## MATERIALS PROVIDED
───

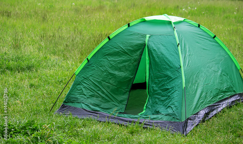tourist tent, outdoor recreation near the river. Nature, recreation, camping.
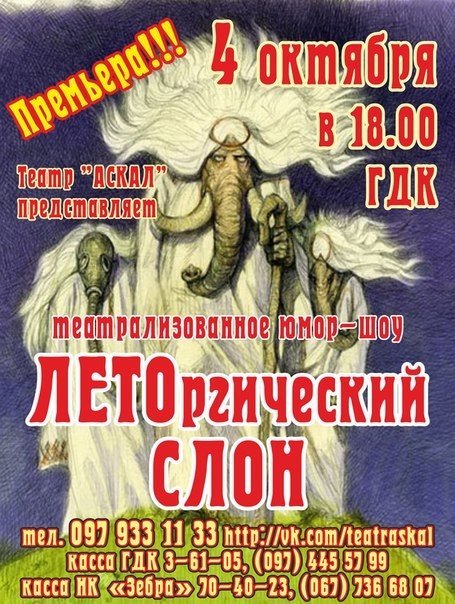 4 октября в Кременчуге «Аскал» откроет театральный сезон театрализированым юмор-шоу «ЛЕТОргический СЛОН».
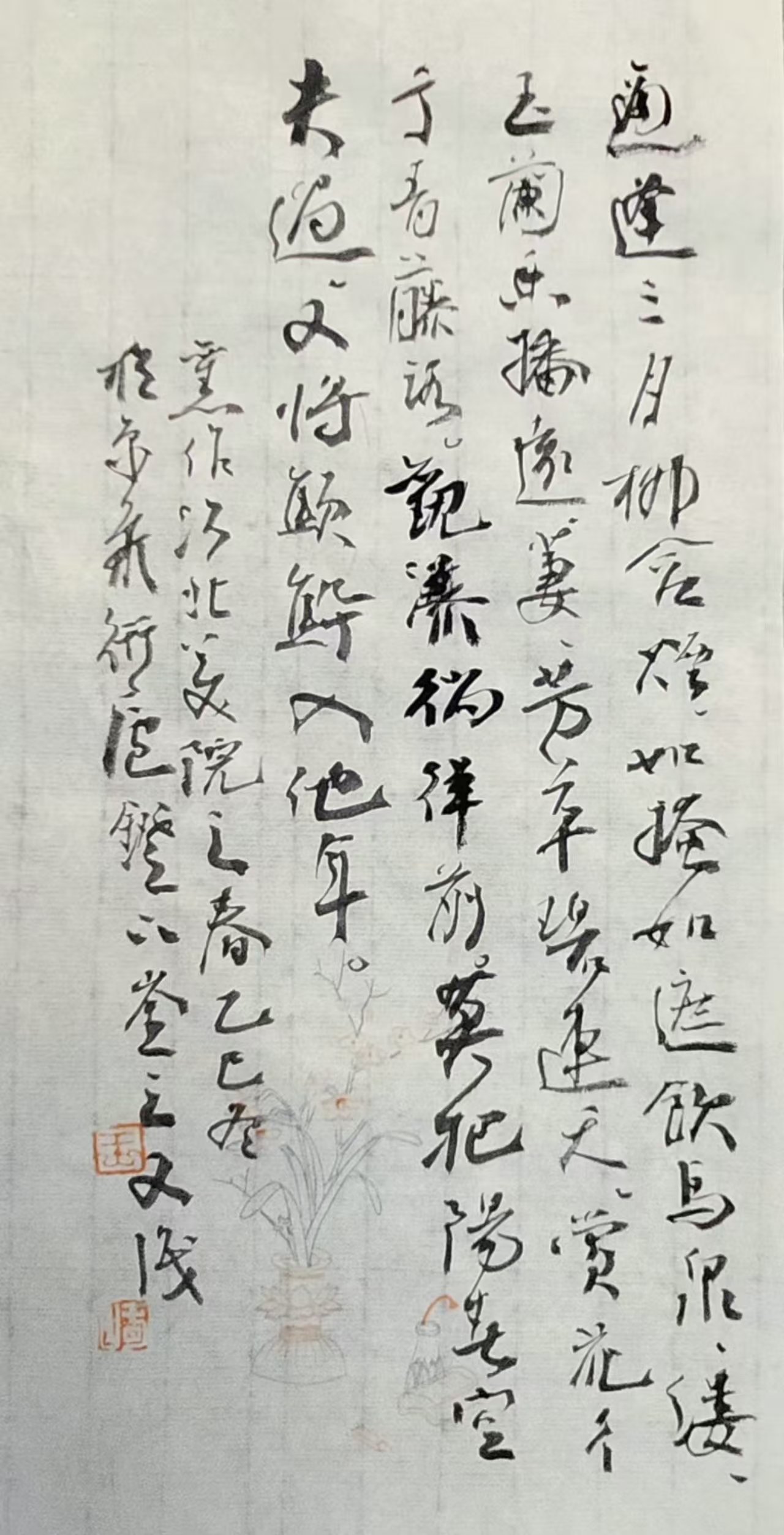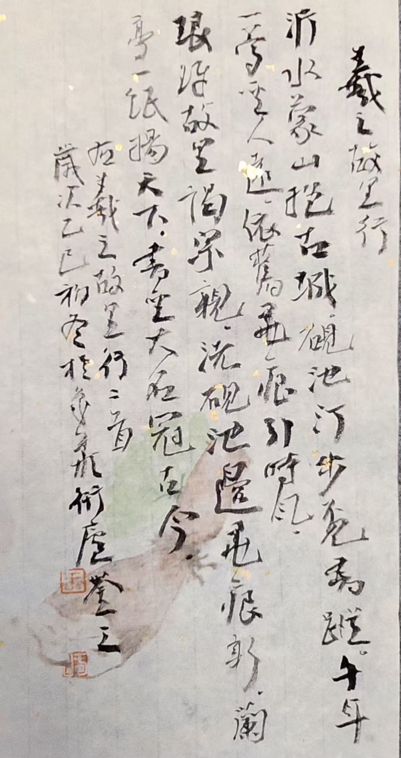 甲辰岁春,余客河北美院,课余,信步青藤路,听黄鹂啾啾,闻玉兰郁郁,赏芳草芊芊…青藤路与右军交汇旁有饮马泉,水清洌,泉四周翠柳以抱,蒹葭以环,前行百步,见忠义堂,堂东有紫云瀑,瀑流细,往返其间,如步桃源,然阳春易逝,叹岁月之蹉跎,有感于此,惜哉…
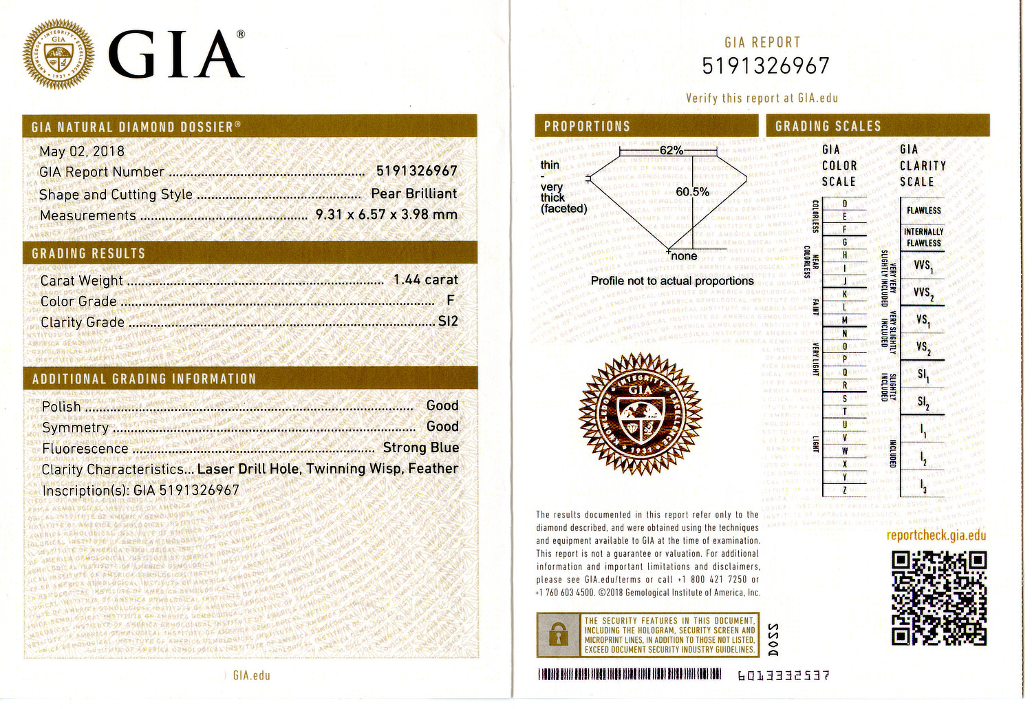 Loose GIA Certified 1.44ct Pear Brilliant Cut Diamond F/SI2. GIA cert # 5191326967 is included in the sale. Laser Drilled.
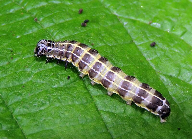 Nederlandse naam: Kleine voorjaarsuil rupsWetenschappelijke naam: Orthosia crudaEngelse naam: Small QuakerGefotografeerd: Delft Bieslandse bos 13-05-2020Opmerking: De Kleine voorjaarsuil is een nachtvlinder
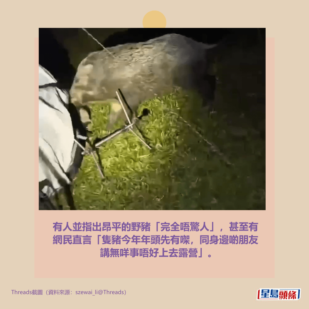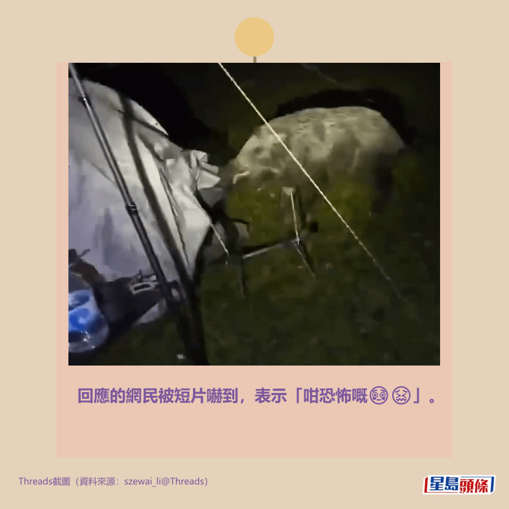 回應的網民被短片嚇到,表示「咁恐怖嘅😳😖」,並指出昂平的野豬「完全唔驚人」,甚至有網民直言「隻豬今年年頭先有㗎,同身邊啲朋友講無咩事唔好上去露營」。
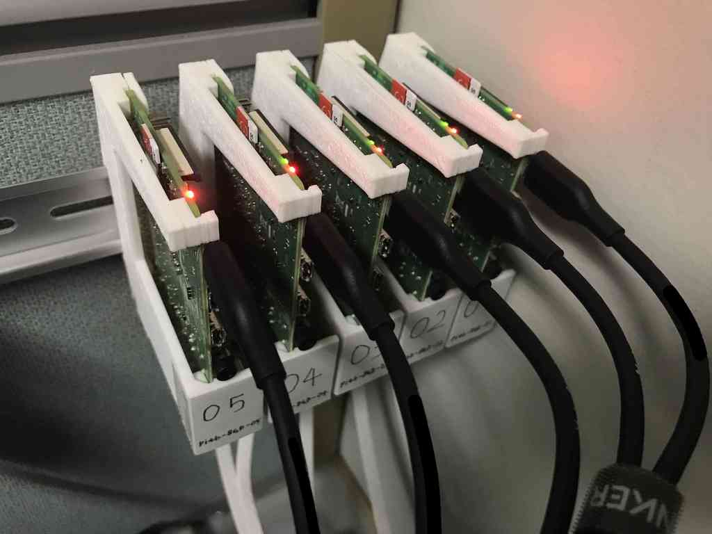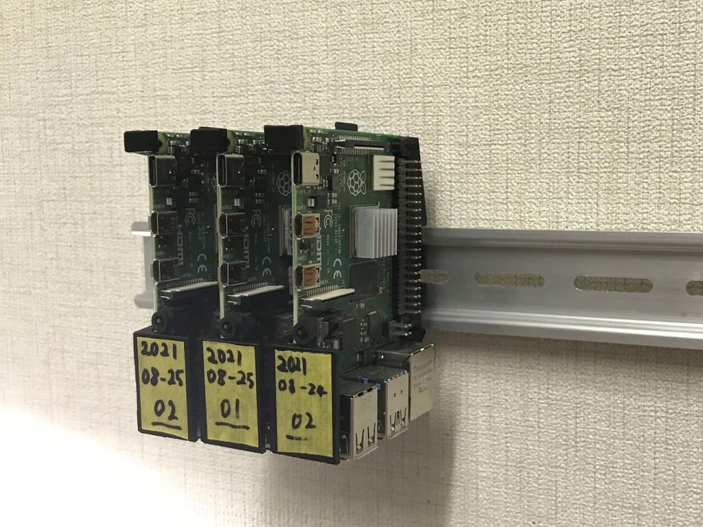 Beslaget, som udelukkende består af 3D-printede dele, sikrer en letvægts-, men robust, montering af din enhed. Denne konstruktion bidrager til en organiseret og pladsbesparende opsætning, hvilket er ideelt, når du ønsker at integrere din Raspberry Pi i eksisterende systemer med DIN-skinner.

───

## TASK REQUIREMENTS
Only the pictures are to be left out; the rest of the material above should be printed verbatim.

## TASK RESULT
tourist tent, outdoor recreation near the river. Nature, recreation, camping.
 4 октября в Кременчуге «Аскал» откроет театральный сезон театрализированым юмор-шоу «ЛЕТОргический СЛОН».
 甲辰岁春,余客河北美院,课余,信步青藤路,听黄鹂啾啾,闻玉兰郁郁,赏芳草芊芊…青藤路与右军交汇旁有饮马泉,水清洌,泉四周翠柳以抱,蒹葭以环,前行百步,见忠义堂,堂东有紫云瀑,瀑流细,往返其间,如步桃源,然阳春易逝,叹岁月之蹉跎,有感于此,惜哉…
 Loose GIA Certified 1.44ct Pear Brilliant Cut Diamond F/SI2. GIA cert # 5191326967 is included in the sale. Laser Drilled.
 Nederlandse naam: Kleine voorjaarsuil rupsWetenschappelijke naam: Orthosia crudaEngelse naam: Small QuakerGefotografeerd: Delft Bieslandse bos 13-05-2020Opmerking: De Kleine voorjaarsuil is een nachtvlinder
 回應的網民被短片嚇到,表示「咁恐怖嘅😳😖」,並指出昂平的野豬「完全唔驚人」,甚至有網民直言「隻豬今年年頭先有㗎,同身邊啲朋友講無咩事唔好上去露營」。
 Beslaget, som udelukkende består af 3D-printede dele, sikrer en letvægts-, men robust, montering af din enhed. Denne konstruktion bidrager til en organiseret og pladsbesparende opsætning, hvilket er ideelt, når du ønsker at integrere din Raspberry Pi i eksisterende systemer med DIN-skinner.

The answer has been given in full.